Task to complete: Among the entries below, find the line with "不同于光伏電站,分布式光伏發" and the line with "Knäuel ansetzen kann.". Return exactly those lines and every line between them, but no pictures.

Material supplied:
════════════════
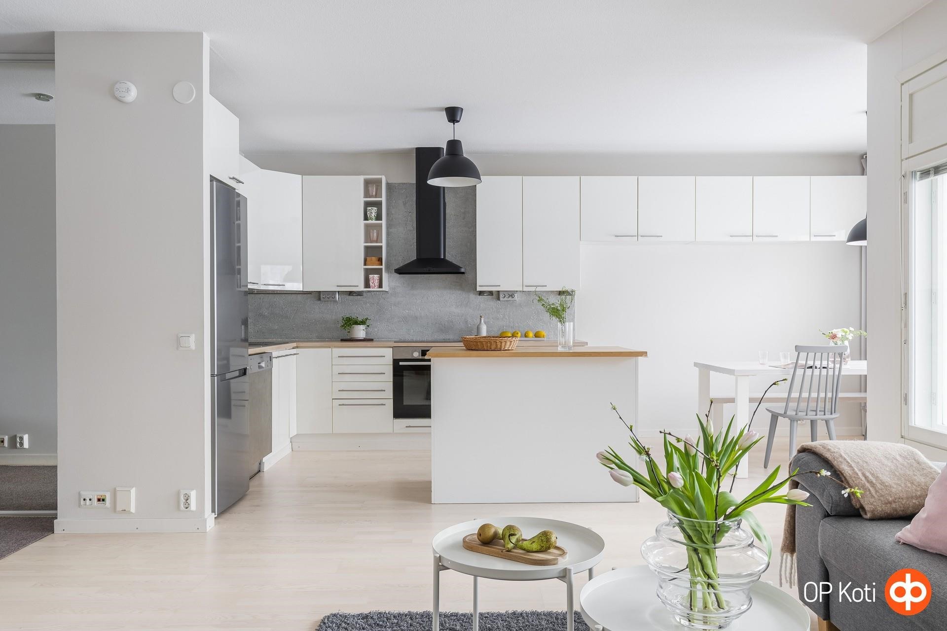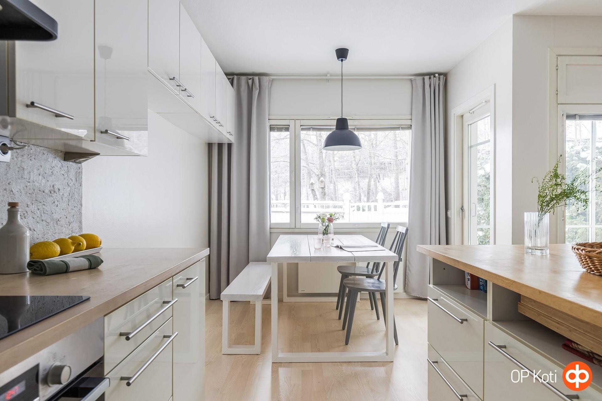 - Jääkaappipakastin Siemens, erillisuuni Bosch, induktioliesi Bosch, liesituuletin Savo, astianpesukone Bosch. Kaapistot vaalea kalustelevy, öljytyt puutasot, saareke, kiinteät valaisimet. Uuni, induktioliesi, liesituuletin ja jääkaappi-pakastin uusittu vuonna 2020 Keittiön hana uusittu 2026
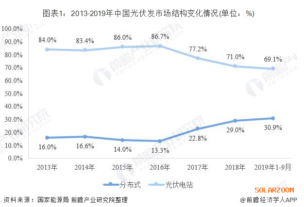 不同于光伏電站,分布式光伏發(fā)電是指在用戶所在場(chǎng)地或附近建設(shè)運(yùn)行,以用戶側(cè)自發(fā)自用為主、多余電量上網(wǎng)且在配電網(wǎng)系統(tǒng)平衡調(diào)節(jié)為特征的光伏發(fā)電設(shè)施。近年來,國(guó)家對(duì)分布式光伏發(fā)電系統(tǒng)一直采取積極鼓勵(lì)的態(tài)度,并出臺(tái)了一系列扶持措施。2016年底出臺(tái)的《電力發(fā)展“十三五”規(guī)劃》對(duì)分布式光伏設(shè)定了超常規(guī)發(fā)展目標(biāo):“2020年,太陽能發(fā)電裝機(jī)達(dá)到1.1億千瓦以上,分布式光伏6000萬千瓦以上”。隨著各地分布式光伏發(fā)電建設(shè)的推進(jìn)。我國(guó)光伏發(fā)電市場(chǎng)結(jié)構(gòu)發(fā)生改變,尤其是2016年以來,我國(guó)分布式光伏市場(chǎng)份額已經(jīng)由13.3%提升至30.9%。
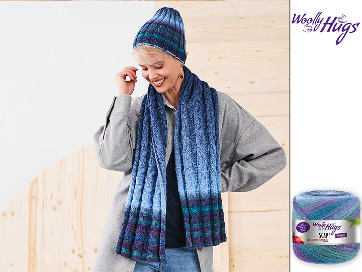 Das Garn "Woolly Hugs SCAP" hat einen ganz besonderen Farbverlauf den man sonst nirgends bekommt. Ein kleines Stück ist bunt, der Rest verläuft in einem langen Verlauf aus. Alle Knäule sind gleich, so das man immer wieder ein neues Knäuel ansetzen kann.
════════════════
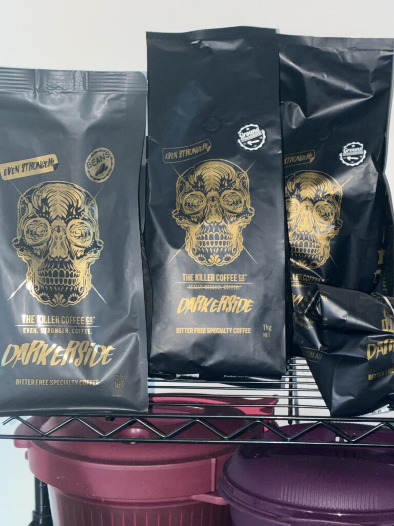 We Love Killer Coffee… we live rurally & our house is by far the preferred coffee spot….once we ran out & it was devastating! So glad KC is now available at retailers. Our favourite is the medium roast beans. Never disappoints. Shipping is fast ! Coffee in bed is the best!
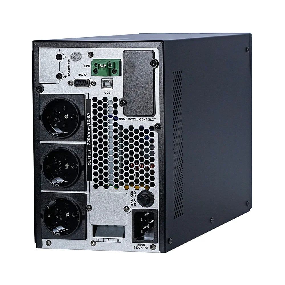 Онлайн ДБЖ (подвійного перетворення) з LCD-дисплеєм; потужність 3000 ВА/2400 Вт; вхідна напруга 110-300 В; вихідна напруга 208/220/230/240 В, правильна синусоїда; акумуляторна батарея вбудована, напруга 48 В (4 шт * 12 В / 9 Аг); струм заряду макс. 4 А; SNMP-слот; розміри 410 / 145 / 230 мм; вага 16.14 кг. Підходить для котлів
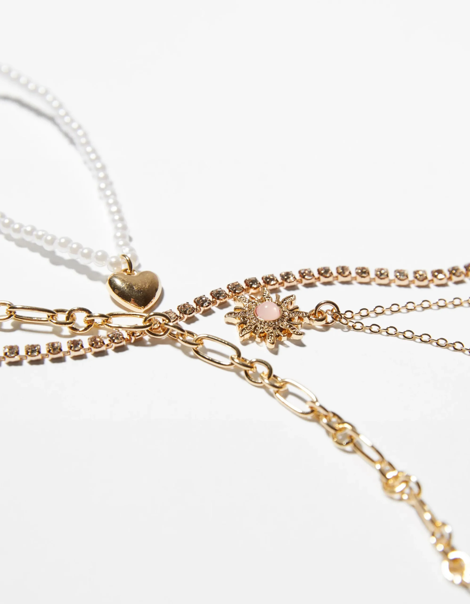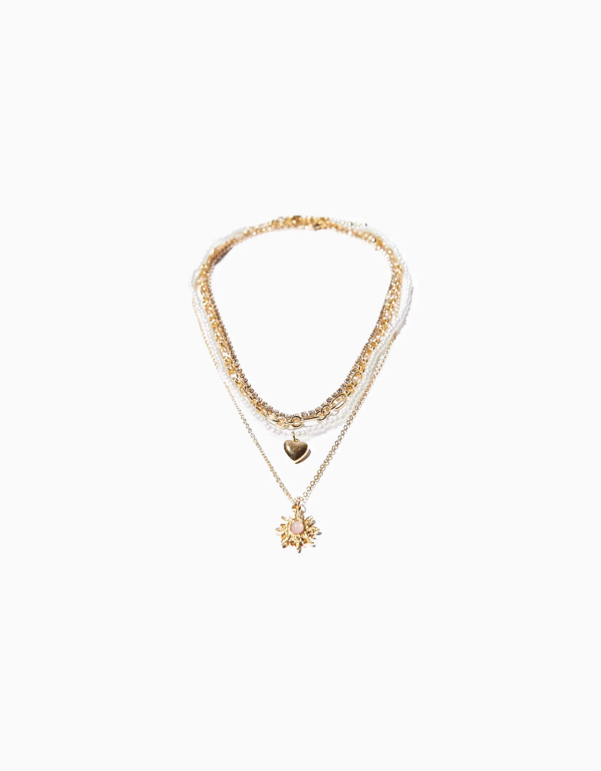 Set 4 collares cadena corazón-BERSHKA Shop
════════════════
Answer space:
 不同于光伏電站,分布式光伏發(fā)電是指在用戶所在場(chǎng)地或附近建設(shè)運(yùn)行,以用戶側(cè)自發(fā)自用為主、多余電量上網(wǎng)且在配電網(wǎng)系統(tǒng)平衡調(diào)節(jié)為特征的光伏發(fā)電設(shè)施。近年來,國(guó)家對(duì)分布式光伏發(fā)電系統(tǒng)一直采取積極鼓勵(lì)的態(tài)度,并出臺(tái)了一系列扶持措施。2016年底出臺(tái)的《電力發(fā)展“十三五”規(guī)劃》對(duì)分布式光伏設(shè)定了超常規(guī)發(fā)展目標(biāo):“2020年,太陽能發(fā)電裝機(jī)達(dá)到1.1億千瓦以上,分布式光伏6000萬千瓦以上”。隨著各地分布式光伏發(fā)電建設(shè)的推進(jìn)。我國(guó)光伏發(fā)電市場(chǎng)結(jié)構(gòu)發(fā)生改變,尤其是2016年以來,我國(guó)分布式光伏市場(chǎng)份額已經(jīng)由13.3%提升至30.9%。
 Das Garn "Woolly Hugs SCAP" hat einen ganz besonderen Farbverlauf den man sonst nirgends bekommt. Ein kleines Stück ist bunt, der Rest verläuft in einem langen Verlauf aus. Alle Knäule sind gleich, so das man immer wieder ein neues Knäuel ansetzen kann.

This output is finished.